▶ [Data extract]:
▼▼▼

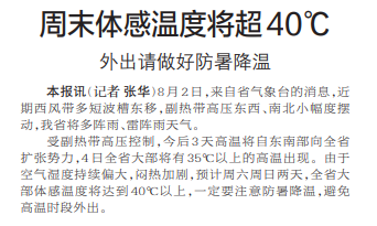周末体感温度将超40℃
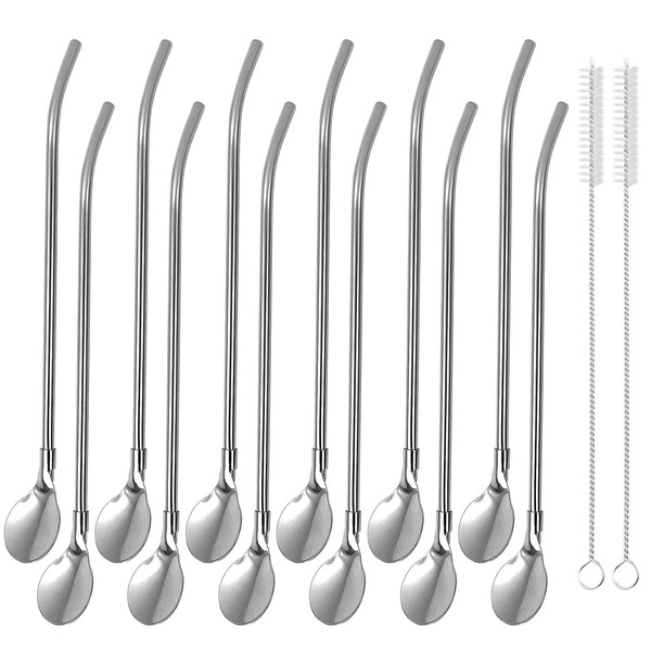 - Straw spoon set: you will receive 12 straws with spoon, silver, 2 straw cleaning brushes. Straws spoons are approx. 21 cm / 8.27 inches long and 6 mm / 0.24 inches in diameter.
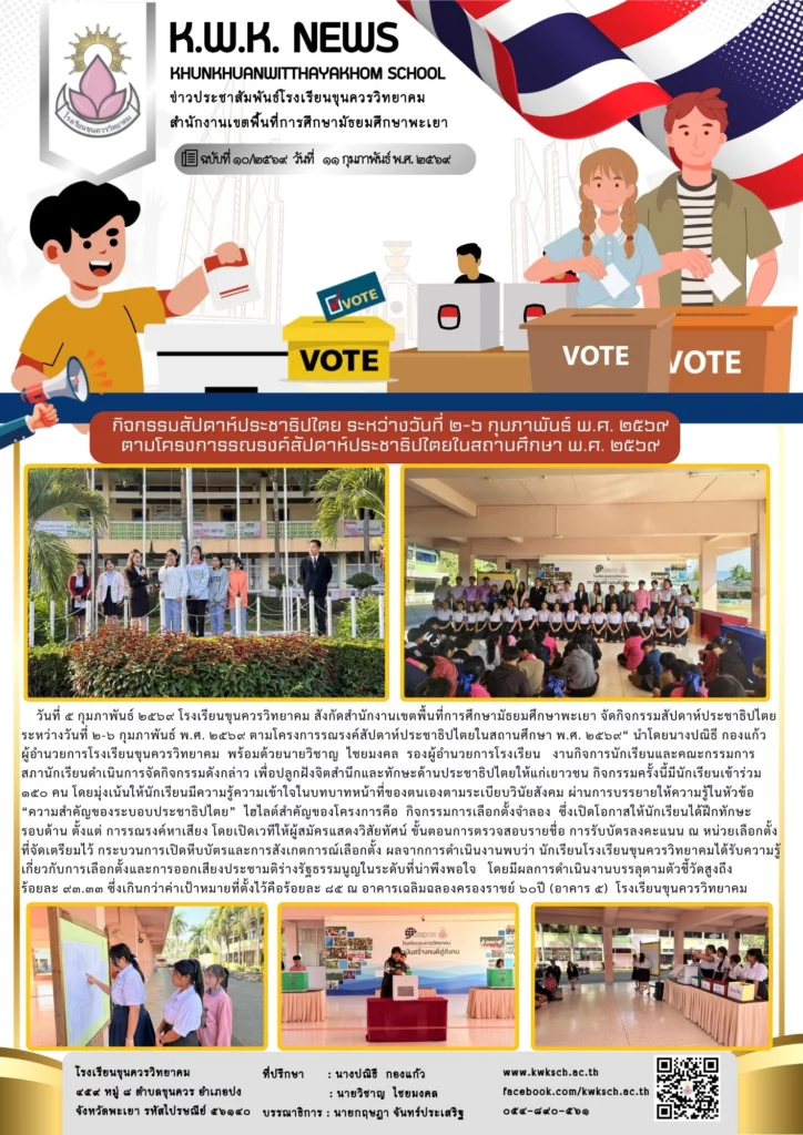 วันที่ ๕ กุมภาพันธ์ ๒๕๖๙ โรงเรียนขุนควรวิทยาคม สังกัดสำนักงานเขตพื้นที่การศึกษามัธยมศึกษาพะเยา จัดกิจกรรมสัปดาห์ประชาธิปไตย ระหว่างวันที่ ๒-๖ กุมภาพันธ์ พ.ศ. ๒๕๖๙ ตามโครงการรณรงค์สัปดาห์ประชาธิปไตยในสถานศึกษา พ.ศ. ๒๕๖๙“ นำโดยนางปณิธี กองแก้ว ผู้อำนวยการโรงเรียนขุนควรวิทยาคม พร้อมด้วยนายวิชาญ ไชยมงคล รองผู้อำนวยการโรงเรียน งานกิจการนักเรียนและคณะกรรมการ สภานักเรียนดำเนินการจัดกิจกรรมดังกล่าว เพื่อปลูกฝังจิตสำนึกและทักษะด้านประชาธิปไตยให้แก่เยาวชน กิจกรรมครั้งนี้มีนักเรียนเข้าร่วม ๑๕๐ คน โดยมุ่งเน้นให้นักเรียนมีความรู้ความเข้าใจในบทบาทหน้าที่ของตนเองตามระเบียบวินัยสังคม ผ่านการบรรยายให้ความรู้ในหัวข้อ “ความสำคัญของระบอบประชาธิปไตย” ไฮไลต์สำคัญของโครงการคือ กิจกรรมการเลือกตั้งจำลอง ซึ่งเปิดโอกาสให้นักเรียนได้ฝึกทักษะ รอบด้าน ตั้งแต่ การรณรงค์หาเสียง โดยเปิดเวทีให้ผู้สมัครแสดงวิสัยทัศน์ ขั้นตอนการตรวจสอบรายชื่อ การรับบัตรลงคะแนน ณ หน่วยเลือกตั้งที่จัดเตรียมไว้ กระบวนการเปิดหีบบัตรและการสังเกตการณ์เลือกตั้ง ผลจากการดำเนินงานพบว่า นักเรียนโรงเรียนขุนควรวิทยาคมได้รับความรู้เกี่ยวกับการเลือกตั้งและการออกเสียงประชามติร่างรัฐธรรมนูญในระดับที่น่าพึงพอใจ โดยมีผลการดำเนินงานบรรลุตามตัวชี้วัดสูงถึง ร้อยละ ๙๓.๓๓ ซึ่งเกินกว่าค่าเป้าหมายที่ตั้งไว้คือร้อยละ ๘๕ ณ อาคารเฉลิมฉลองครองราชย์ ๖๐ปี (อาคาร ๕) โรงเรียนขุนควรวิทยาคม

▲▲▲

▶ [To do]: The entire listing above, minus its pictures, should be copied out exactly.

▶ [Written solution]:
周末体感温度将超40℃
 - Straw spoon set: you will receive 12 straws with spoon, silver, 2 straw cleaning brushes. Straws spoons are approx. 21 cm / 8.27 inches long and 6 mm / 0.24 inches in diameter.
 วันที่ ๕ กุมภาพันธ์ ๒๕๖๙ โรงเรียนขุนควรวิทยาคม สังกัดสำนักงานเขตพื้นที่การศึกษามัธยมศึกษาพะเยา จัดกิจกรรมสัปดาห์ประชาธิปไตย ระหว่างวันที่ ๒-๖ กุมภาพันธ์ พ.ศ. ๒๕๖๙ ตามโครงการรณรงค์สัปดาห์ประชาธิปไตยในสถานศึกษา พ.ศ. ๒๕๖๙“ นำโดยนางปณิธี กองแก้ว ผู้อำนวยการโรงเรียนขุนควรวิทยาคม พร้อมด้วยนายวิชาญ ไชยมงคล รองผู้อำนวยการโรงเรียน งานกิจการนักเรียนและคณะกรรมการ สภานักเรียนดำเนินการจัดกิจกรรมดังกล่าว เพื่อปลูกฝังจิตสำนึกและทักษะด้านประชาธิปไตยให้แก่เยาวชน กิจกรรมครั้งนี้มีนักเรียนเข้าร่วม ๑๕๐ คน โดยมุ่งเน้นให้นักเรียนมีความรู้ความเข้าใจในบทบาทหน้าที่ของตนเองตามระเบียบวินัยสังคม ผ่านการบรรยายให้ความรู้ในหัวข้อ “ความสำคัญของระบอบประชาธิปไตย” ไฮไลต์สำคัญของโครงการคือ กิจกรรมการเลือกตั้งจำลอง ซึ่งเปิดโอกาสให้นักเรียนได้ฝึกทักษะ รอบด้าน ตั้งแต่ การรณรงค์หาเสียง โดยเปิดเวทีให้ผู้สมัครแสดงวิสัยทัศน์ ขั้นตอนการตรวจสอบรายชื่อ การรับบัตรลงคะแนน ณ หน่วยเลือกตั้งที่จัดเตรียมไว้ กระบวนการเปิดหีบบัตรและการสังเกตการณ์เลือกตั้ง ผลจากการดำเนินงานพบว่า นักเรียนโรงเรียนขุนควรวิทยาคมได้รับความรู้เกี่ยวกับการเลือกตั้งและการออกเสียงประชามติร่างรัฐธรรมนูญในระดับที่น่าพึงพอใจ โดยมีผลการดำเนินงานบรรลุตามตัวชี้วัดสูงถึง ร้อยละ ๙๓.๓๓ ซึ่งเกินกว่าค่าเป้าหมายที่ตั้งไว้คือร้อยละ ๘๕ ณ อาคารเฉลิมฉลองครองราชย์ ๖๐ปี (อาคาร ๕) โรงเรียนขุนควรวิทยาคม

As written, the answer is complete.